In full and word for word, copy the listing; no pictures belong in the copy.

## [GIVEN MATERIAL]
***
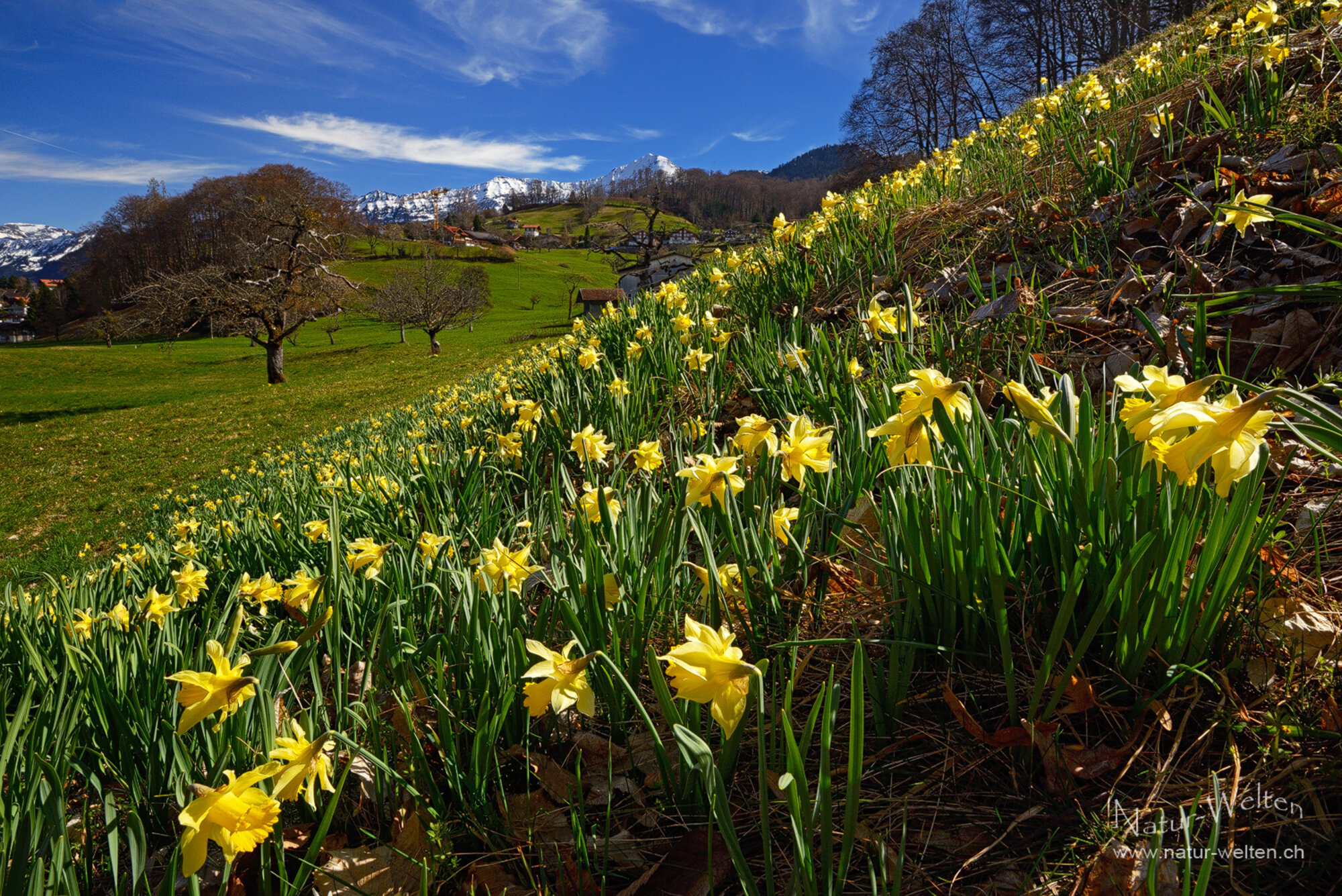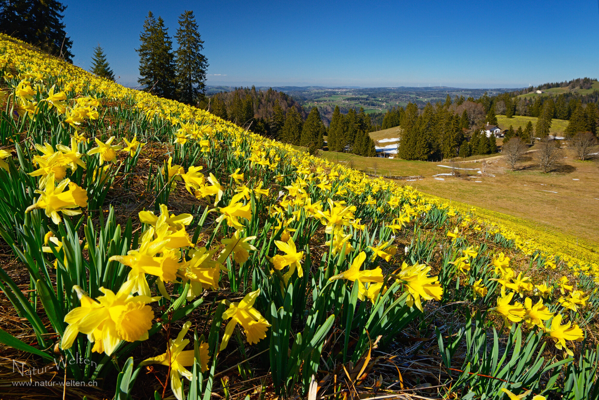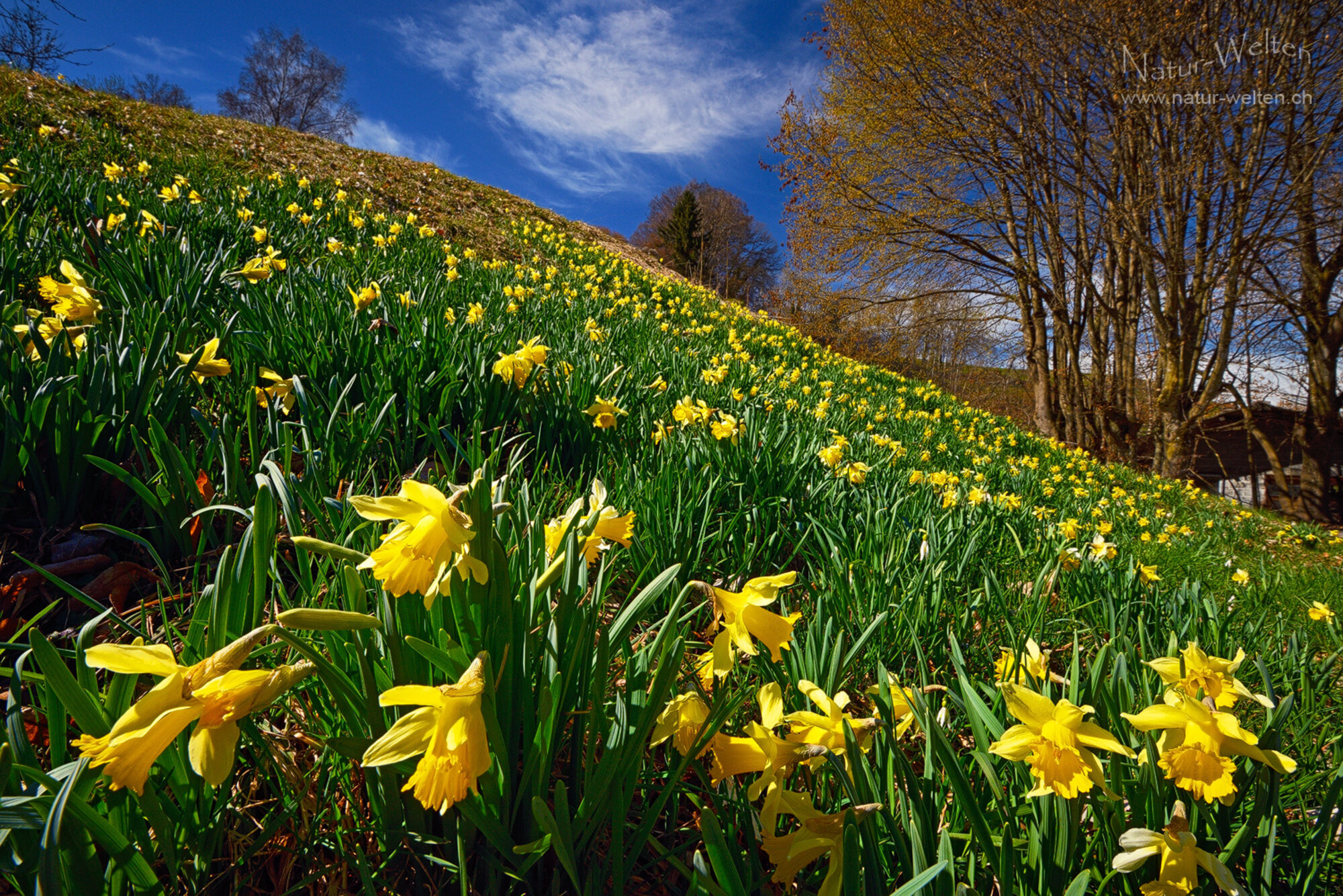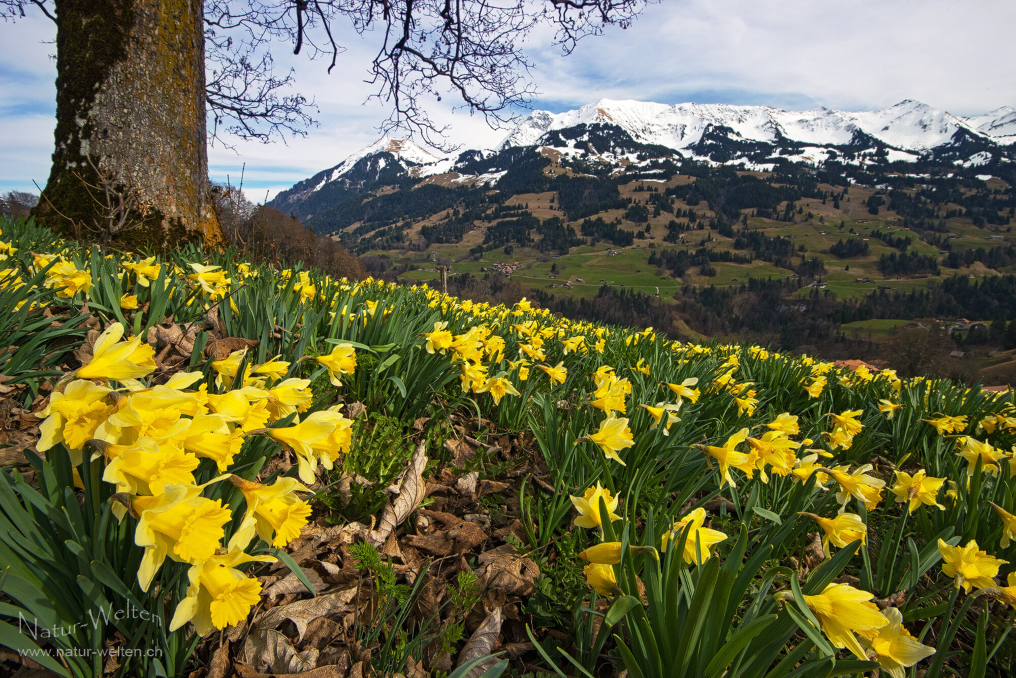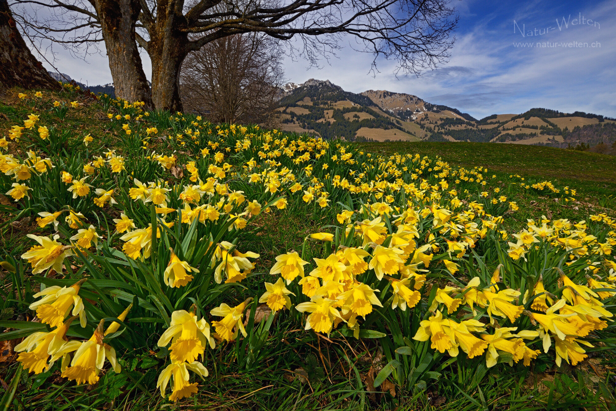 13.3.2026 14:52 - Meer von Osterglocken:Während es draussen bereits wieder schneit, blicken wir noch einmal zurück auf den Frühling, welchen wir Mitte März bereits hatten. Am selben Tag besuchen wir noch die wildblühenden Osterglocken vom Diemtigbergli. Auch diese blühen im laufenden Jahr ausserordentlich intensiv. Der Himmel hat sich leider bereits ein Wenig mit Wolken bedeckt und es ist kühler geworden.
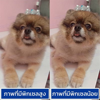 ตัวอย่างภาพ การเปรียบเทียบระหว่างภาพที่มีพิกเซลสูง และ ภาพที่มีพิกเซลน้อย
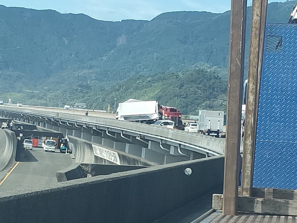 【現地の状況】#交通情報 国道1号線 富士由比バイパス 下り 高浜IC→蒲原西IC付近 ラフタークレーンと大型トラック衝突事故で通行止め渋滞10月9日 #静岡 #清水区
***
## [EXERCISE ANSWER]
 13.3.2026 14:52 - Meer von Osterglocken:Während es draussen bereits wieder schneit, blicken wir noch einmal zurück auf den Frühling, welchen wir Mitte März bereits hatten. Am selben Tag besuchen wir noch die wildblühenden Osterglocken vom Diemtigbergli. Auch diese blühen im laufenden Jahr ausserordentlich intensiv. Der Himmel hat sich leider bereits ein Wenig mit Wolken bedeckt und es ist kühler geworden.
 ตัวอย่างภาพ การเปรียบเทียบระหว่างภาพที่มีพิกเซลสูง และ ภาพที่มีพิกเซลน้อย
 【現地の状況】#交通情報 国道1号線 富士由比バイパス 下り 高浜IC→蒲原西IC付近 ラフタークレーンと大型トラック衝突事故で通行止め渋滞10月9日 #静岡 #清水区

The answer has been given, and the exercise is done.